Reading the docs http://exist-db.org/exist/apps/doc/indexing.xml
I'm finding difficult to understand how and if I can improve the performances of a 'read' query (with 2 parameters: a string and an integer).
Do eXist-db have a default structural index? Can I improve a 2 params query with a 'range index'?
More details about my XML db (note there are 2 different dbs simply merged on the same root):
<?xml version="1.0" encoding="UTF-8" standalone="no"?>
<db>
<docs>
<doc>
<header>
<year>2001</year>
<number>1</number>
<type>O</type>
</header>
<metas>
<meta>
<number>26001</number>
<details>
<detail>
<description>legge</description>
<number>19</number>
<date>14/01/1994</date>
</detail>
<detail>
<description>decreto legge</description>
<number>453</number>
<date>15/11/1993</date>
</detail>
</details>
</meta>
</metas>
</doc>
<doc>
<header>
<year>2001</year>
<number>2</number>
<type>O</type>
</header>
<metas>
<meta>
<number>26002</number>
<details>
<detail>
<description>decreto legislativo</description>
<number>29</number>
<date>03/02/1993</date>
</detail>
</details>
</meta>
<meta>
<number>26016</number>
<details>
<detail>
<description>decreto legislativo</description>
<number>29</number>
<date>03/02/1993</date>
</detail>
</details>
</meta>
</metas>
</doc>
</docs>
<full_text_docs>
<doc>
<header>
<year>2001</year>
<number>1</number>
<type>O</type>
<president>ferrari</president>
</header>
<text>lorem ipsum ...
</text>
</doc>
<doc>
<header>
<year>2001</year>
<number>2</number>
<type>O</type>
<president>ferrari</president>
</header>
<text>lorem ipsum......
</text>
</doc>
</full_text_docs>
</db>
This is my xquery
xquery version "3.0";
let $doc := doc("/db//index_test/test_general.xml")//db/docs/doc
let $fulltxt := doc("/db//index_test/test_general.xml")//db/full_text_docs/doc
return <root> {
for $a in $doc[metas/meta/details/detail[date="03/02/1993" and number = "29"]]/header
return $fulltxt[header/year/text()=$a/year/text() and
header/number/text()=$a/number/text() and
header/type/text()=$a/type/text()
]
} </root>
Basically I simply find for the detail/number and detail/date that matches the input in the first db and take the results for querying the second db. The results are all the <full_text_header> documents that matches.

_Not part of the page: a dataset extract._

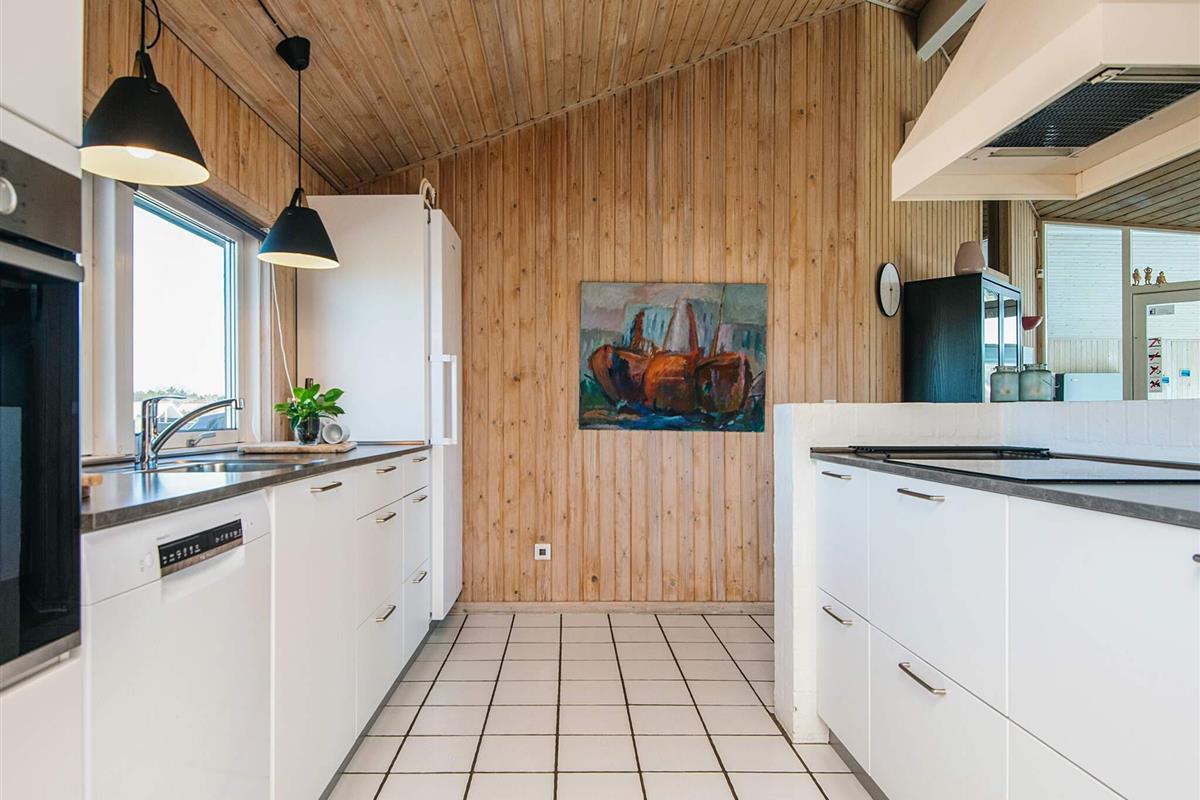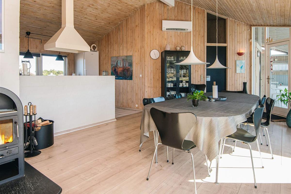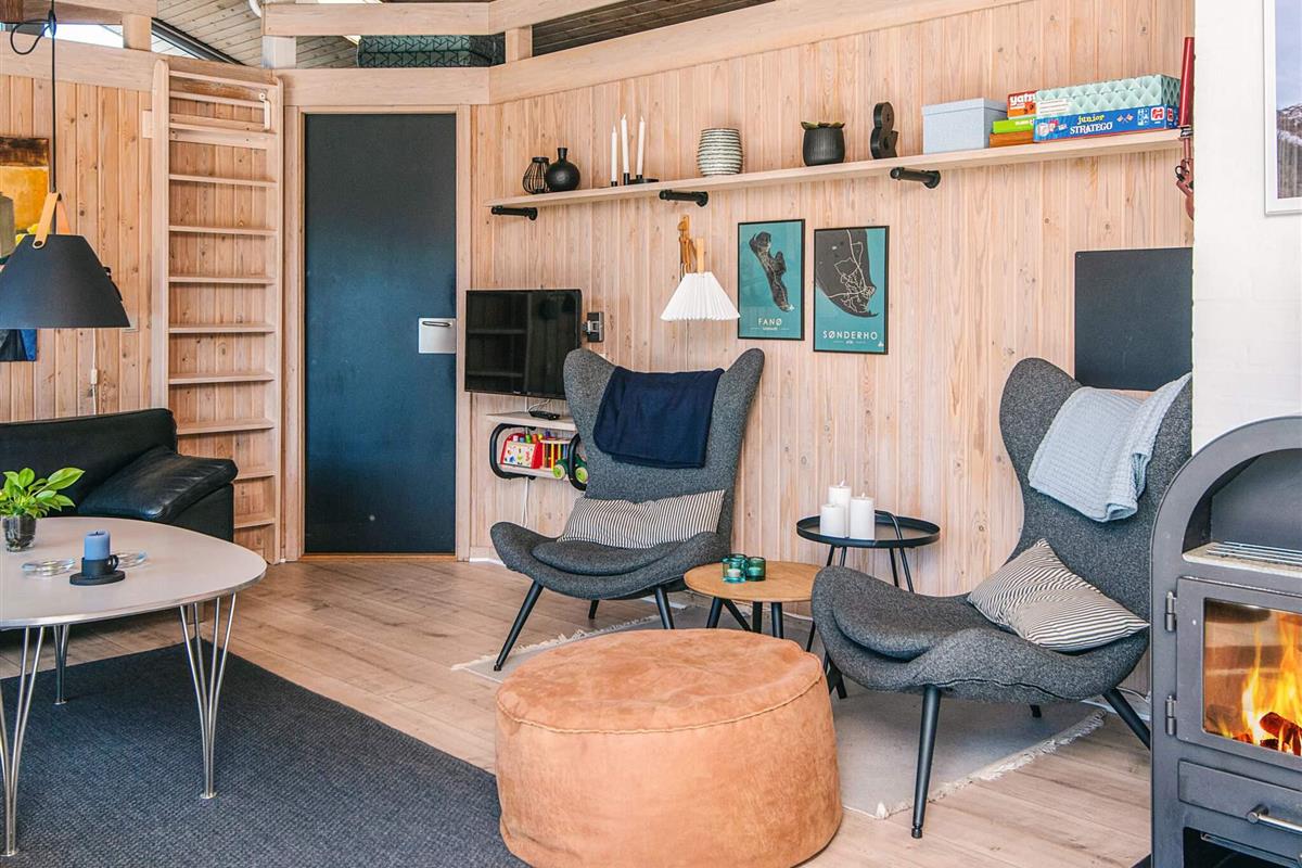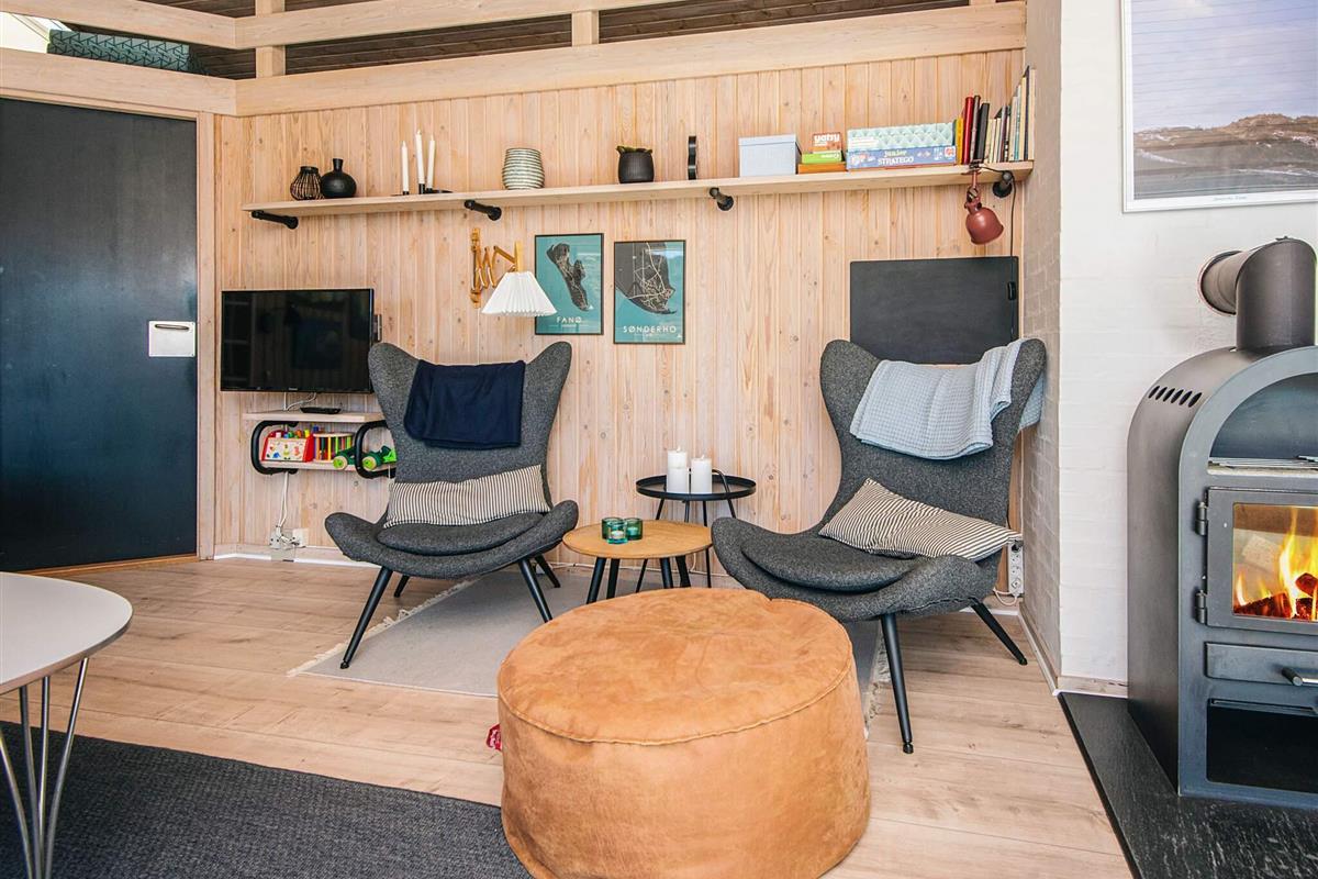 Ein Teil der insgesamt 175 m² gr. Terrassenfläche ist kindgerecht, mit niedrigem Zaun versehen. Für Kleinkinder stehen zudem zwei Hochstühle, extra Babybett m. Bettdecke, Dreirad und Kindertisch bereit. Im Schuppen findet man ausreichend Stauraum für z.B. Ihre Golfausrüstung. Unweit liegt nämlich bei Fanø Bad der 18-Loch Sealink-Golfplatz.

I would to know if I can create indexes for the fields number and date to improve performance. Note this is the ONLY query I need to optimize (the only I do on this db) obviously number and date changes :).
SOLUTION:
For a clear explanation read the joewiz answer. My problem was the correct recognition of the .xconf file. It have to be placed in /db/yourcollectiondir. If you're using eXide when you create the file you should select Xml type with template "eXist-db collection configuration". When you try to save the file you will see a prompt "Apply configuration?" then click 'ok'. Just then run this xquery xmldb:reindex('/db/yourcollectiondir').
Now if all it's right when you run an xquery involving an index you will see the usage in "Monitoring and profiling".

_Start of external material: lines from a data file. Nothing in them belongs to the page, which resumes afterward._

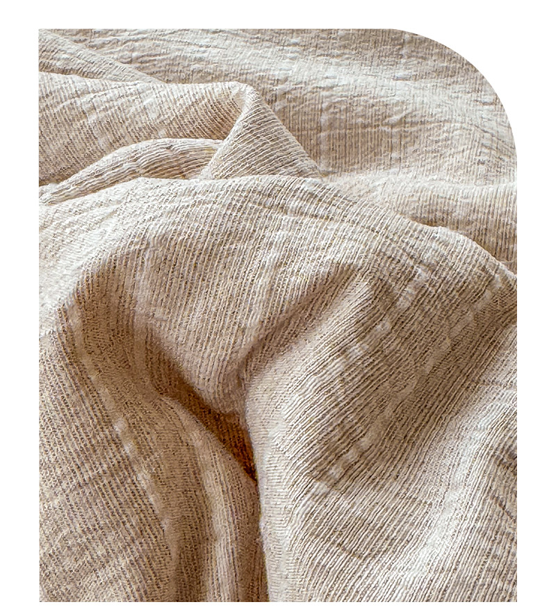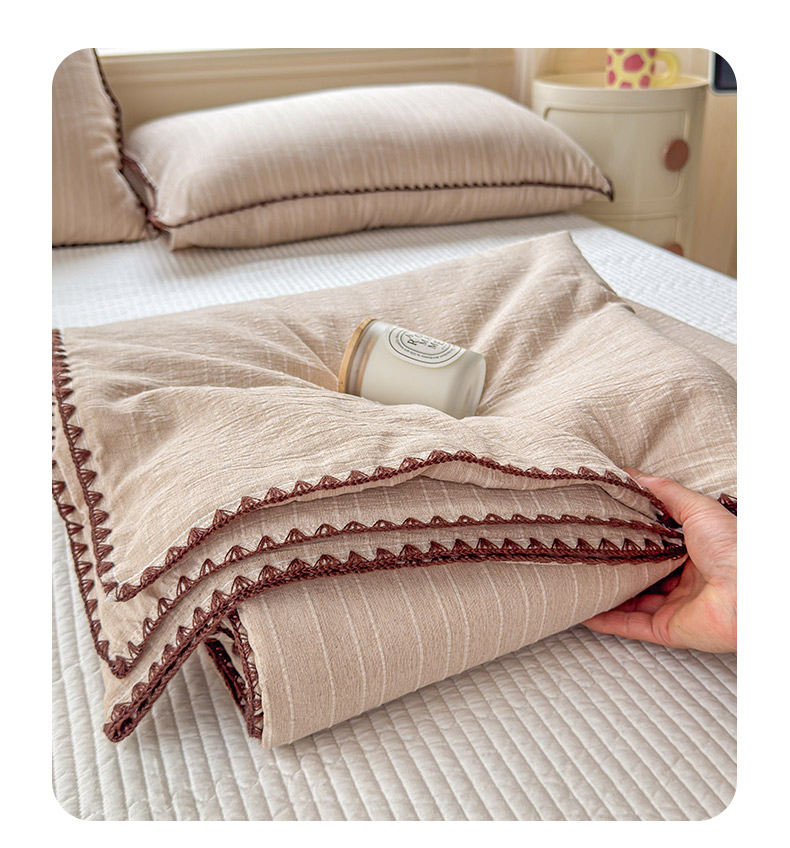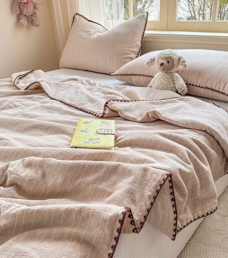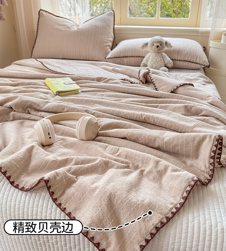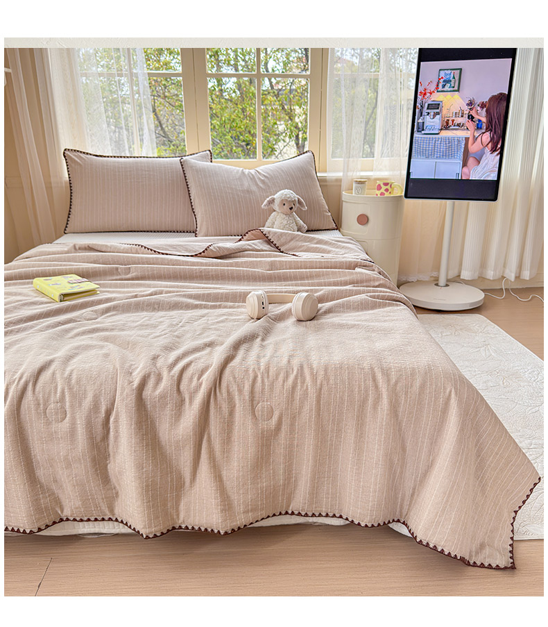被子 > 夏被 > 鑫利来家纺 2026新款纯色无印风夏被简约素色法式麻夏凉被阳离子色织提花单人双人学生夏凉被-场景二 青禾-奶咖
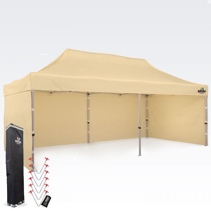 - Pakkens indhold: tag, 3 hele vægge, robust konstruktion, 12 forankringspløkker og beskyttelseshylster. Du får således et komplet sæt, der er klar til brug med det samme og til sikker opbevaring.
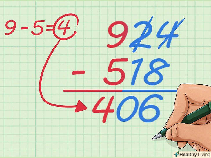 Перейдіть до наступної пари цифр (ліворуч). У нашому прикладі це 9 і 5: 9 – 5 = 4. Остаточна відповідь: 406.

As that documentation page states, eXist does create a structural index for all XML stored in the database. This is not an index of values, though, so without further indexes, queries based on value (rather than structure) would involve a lookup of values in the DOM. As your data grows larger, looking up values in the DOM gets slower and slower. This is where value-based indexes, such a range index, saves the day. (For a fuller explanation, see the "Indexing" section of Wolfgang Meier's "Tuning the Database" article, which is essential for getting the most performance out of eXist.)
So, yes, you can create indexes for the <number> and <date> fields. I'd recommend the "new range" index, as described on that documentation page. Your collection.xconf file setting up these indexes would look like this:
<collection xmlns="http://exist-db.org/collection-config/1.0"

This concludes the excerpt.